The Brain Claims:
Extract of the ginkgo tree has been used in Asia to treat all manner of physical and mental ailments for at least 1,000 years. The foul-smelling ginkgo–at 200 million years old, its the oldest living species of tree on Earth–is also purported to improve circulation in the brain, supposedly improving cognitive functioning and helping prevent neuron decay.
The Reality: In 1986 a study published in the journal Life Science demonstrated that ginkgo did indeed increase cerebral blood flow, and a 2004 Southern California University of Health Sciences experiment suggested that it improves the acquisition and retention of new memories in healthy subjects.
The Brain Claims: Made from a chemical found in the periwinkle plant, the nutritional supplement vinpocetine has been used in Europe for years as a treatment for stroke and age-related memory decline. Like ginkgo biloba, there is evidence that vinpocetine increases blood flow to the brain. As a result, some have claimed that the drug improves memory, especially in people whose memory has already been compromised by disease.
The Reality: In one study, 12 healthy women were given vinpocetine before taking a series of four mental tests. For three of the tests, vinpocetine proved no more effective than a placebo. The exception was on the test that measured short-term memory through a number-memorization task. Subjects who took vinpocetine performed substantially better than those who took the placebo.

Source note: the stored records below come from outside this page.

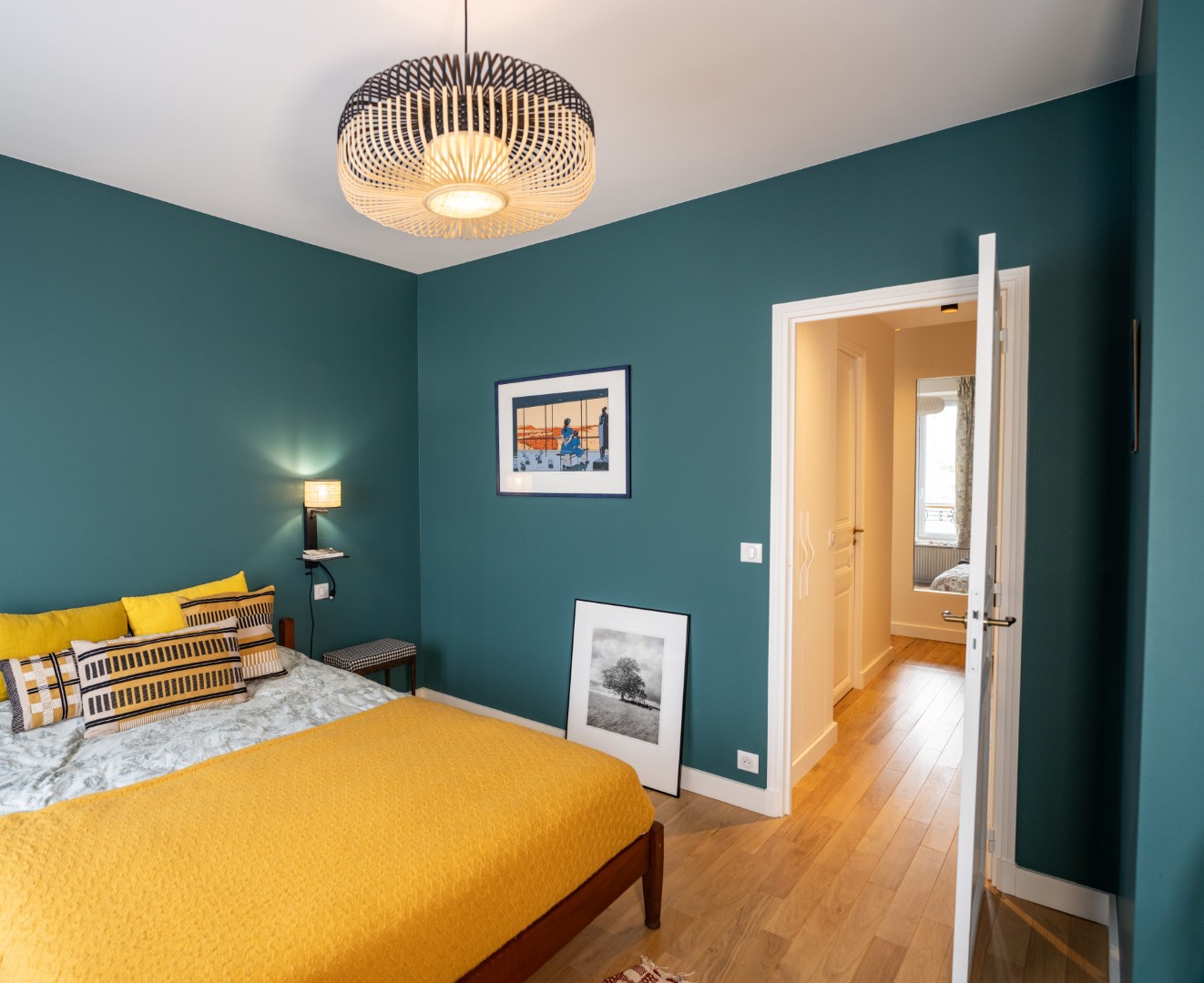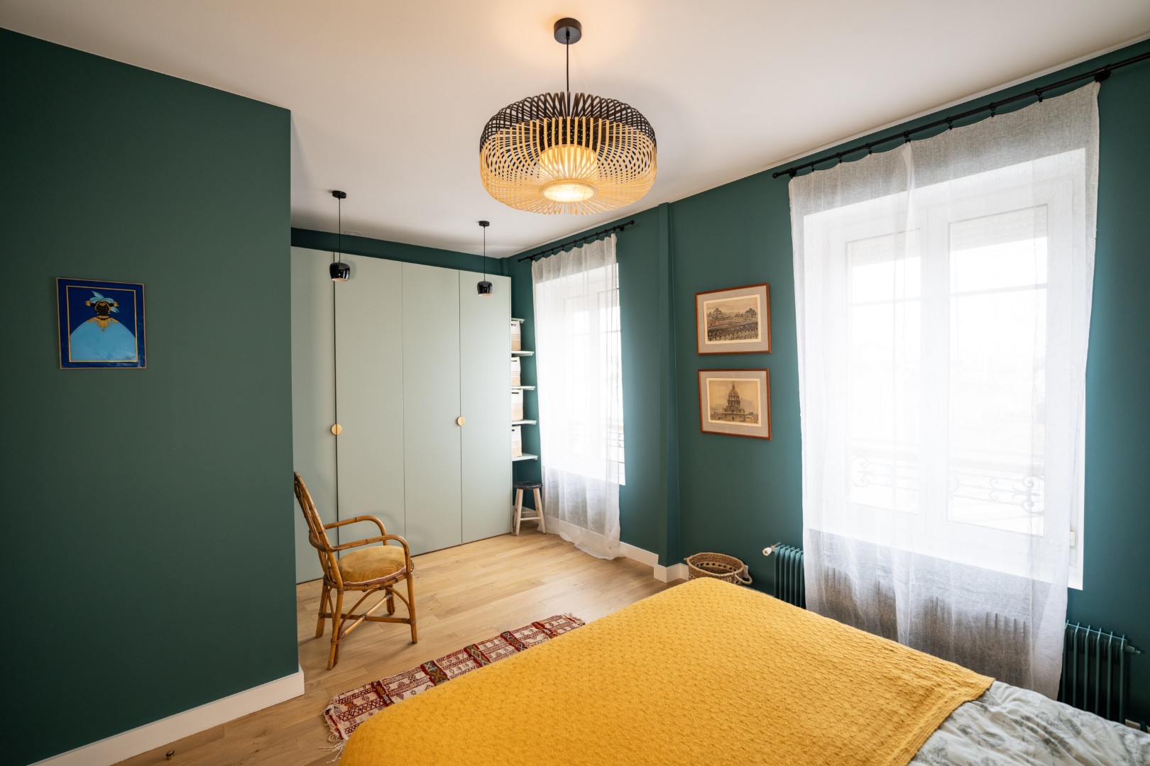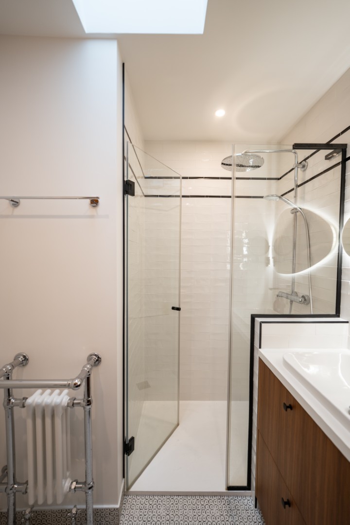 À l’étage, le réaménagement de la circulation a permis de créer une pièce supplémentaire (un bureau fonctionnel remplaçant un palier sombre et mal exploité) ainsi qu’une suite parentale spacieuse et généreusement éclairée.
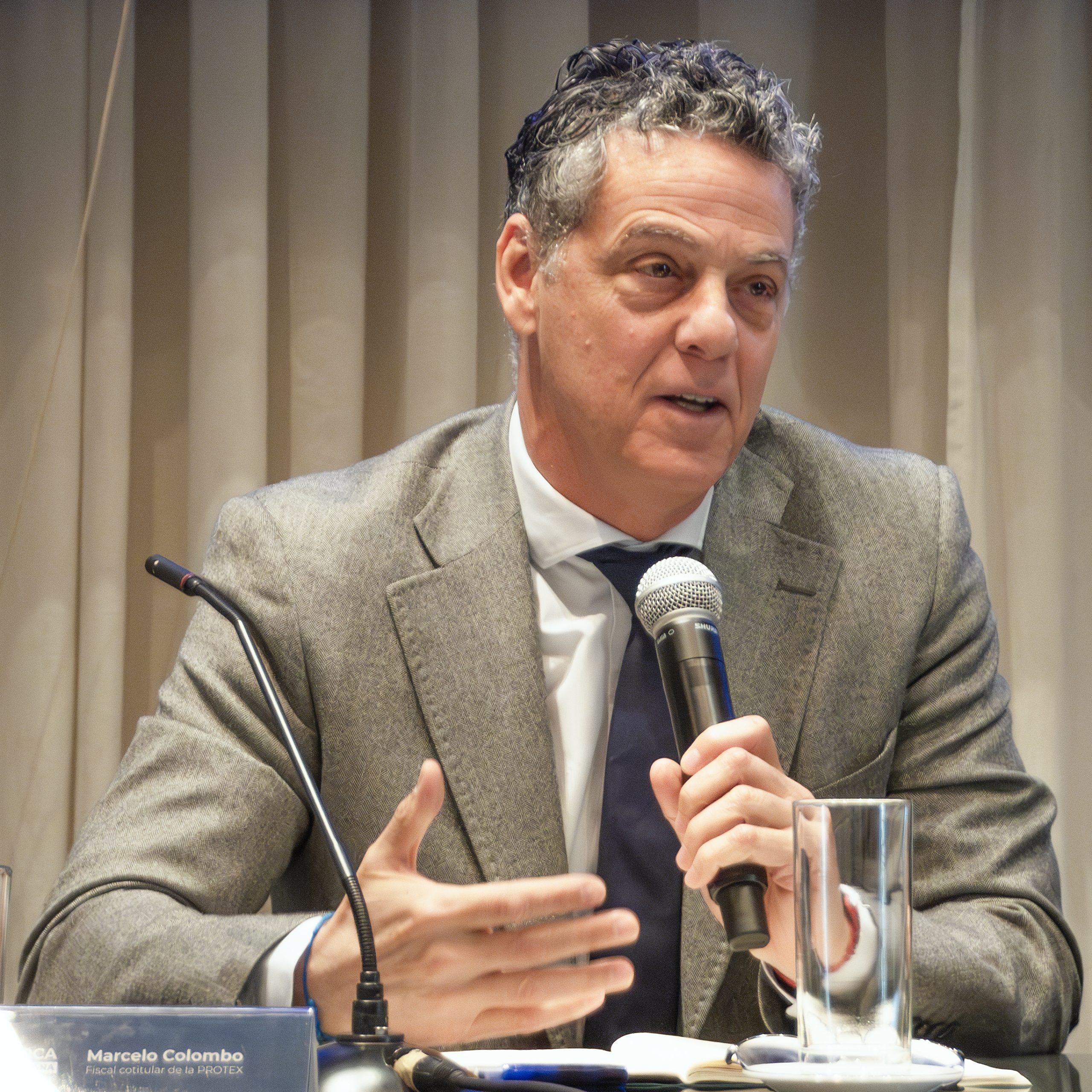 El fiscal general cotitular de la Procuraduría de Trata y Explotación de Personas (PROTEX), Dr. Marcelo Colombo, participó como expositor en la Jornada de Capacitación, Concientización y Sensibilización sobre la Trata de Personas, organizada por la División de Coordinación contra el Trabajo Ilegal de la Dirección General Impositiva (Agencia de Recaudación y Control Aduanero – ARCA).
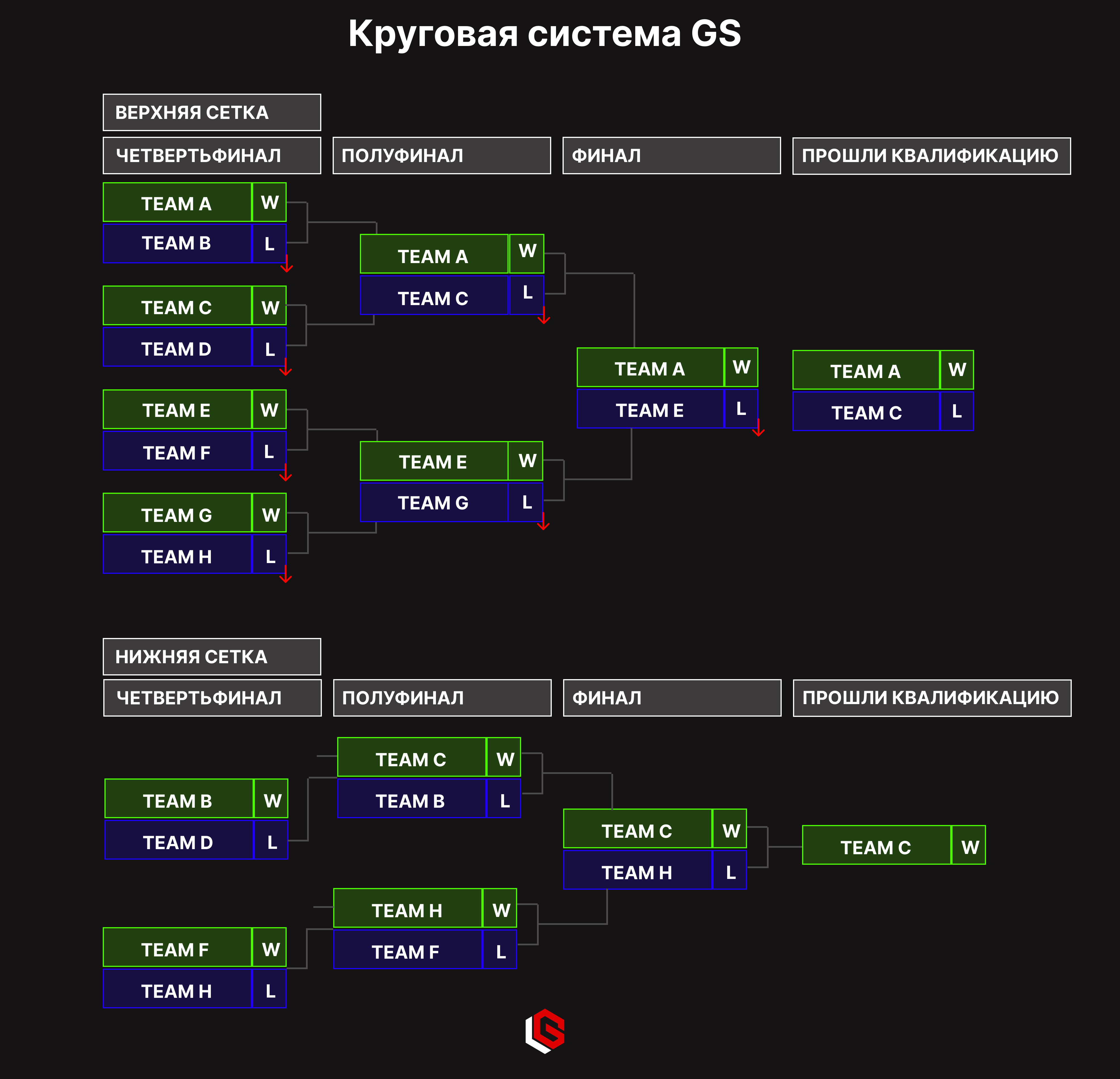 В формате GS команды сначала делятся на группы. Деление зависит от количества команд и числа групп, которое указал организатор. Внутри каждой группы команды играют между собой по круговой системе. Это значит, что результат турнира формируется по матчам внутри группы, а не по классической сетке на вылет.

The Brain Claims: Often called the first nootropic drug (one that enhances mental functions) and also sold as Nootropil, piracetam was first synthesized in Belgium about 40 years ago to treat memory and balance problems. Its now sold online as a cognitive enhancer.
The Reality: A 1999 German study of piracetam in young and old rats showed that the drug can improve cognitive functioning, but only in older subjects; animals that have not yet experienced cognitive decline do not show similar results. A Swiss study in the same year showed that piracetam reduced the complexity of EEG readings in humans, a result that researchers believe indicates better brain functioning. The drug has not been approved for use in the U.S.
The Brain Claims: Modafinil was originally developed in France in 1981 to treat depression. The prescription drug has since been found to help reduce the effects of sleep deprivation, and interest has developed in whether the drug could boost cognitive performance in non-sleep-deprived people.
The Reality: A 2003 British study of 30 non-sleep-deprived students found that modafinil did not boost performance on a series of cognitive tests. Still, many doctors have been known to pop the stuff.
The Brain Claims: Water hyssop, or Brahmi, has been used in Indian medicinal traditions for centuries; some Maharashtra tribes, for example, used the plants leaves to treat stuttering. Now herbal-supplement sellers tout it as improving memory and concentration and relieving stress.
The Reality: A 2002 trail involving 76 adults countered the claims that water hyssop relieves stress or ups concentration. But the substance did seem to significantly improve the ability of the subjects to remember newly learned information.
The Brain Claims: Its known that B6 is important to brain development–the vitamin is necessary for the synthesis of neurotransmitters. And a deficiency of it has been linked to various neurological disorders, from depression to dementia. Its not too surprising, then, that many people have theorized that larger amounts of the vitamin may improve cognitive functioning.
The Reality: In 2003 a coalition of British scientists reviewed years of studies of supplementary vitamin B6 use in humans who were not vitamin B6deficient and found no evidence of increased brain function.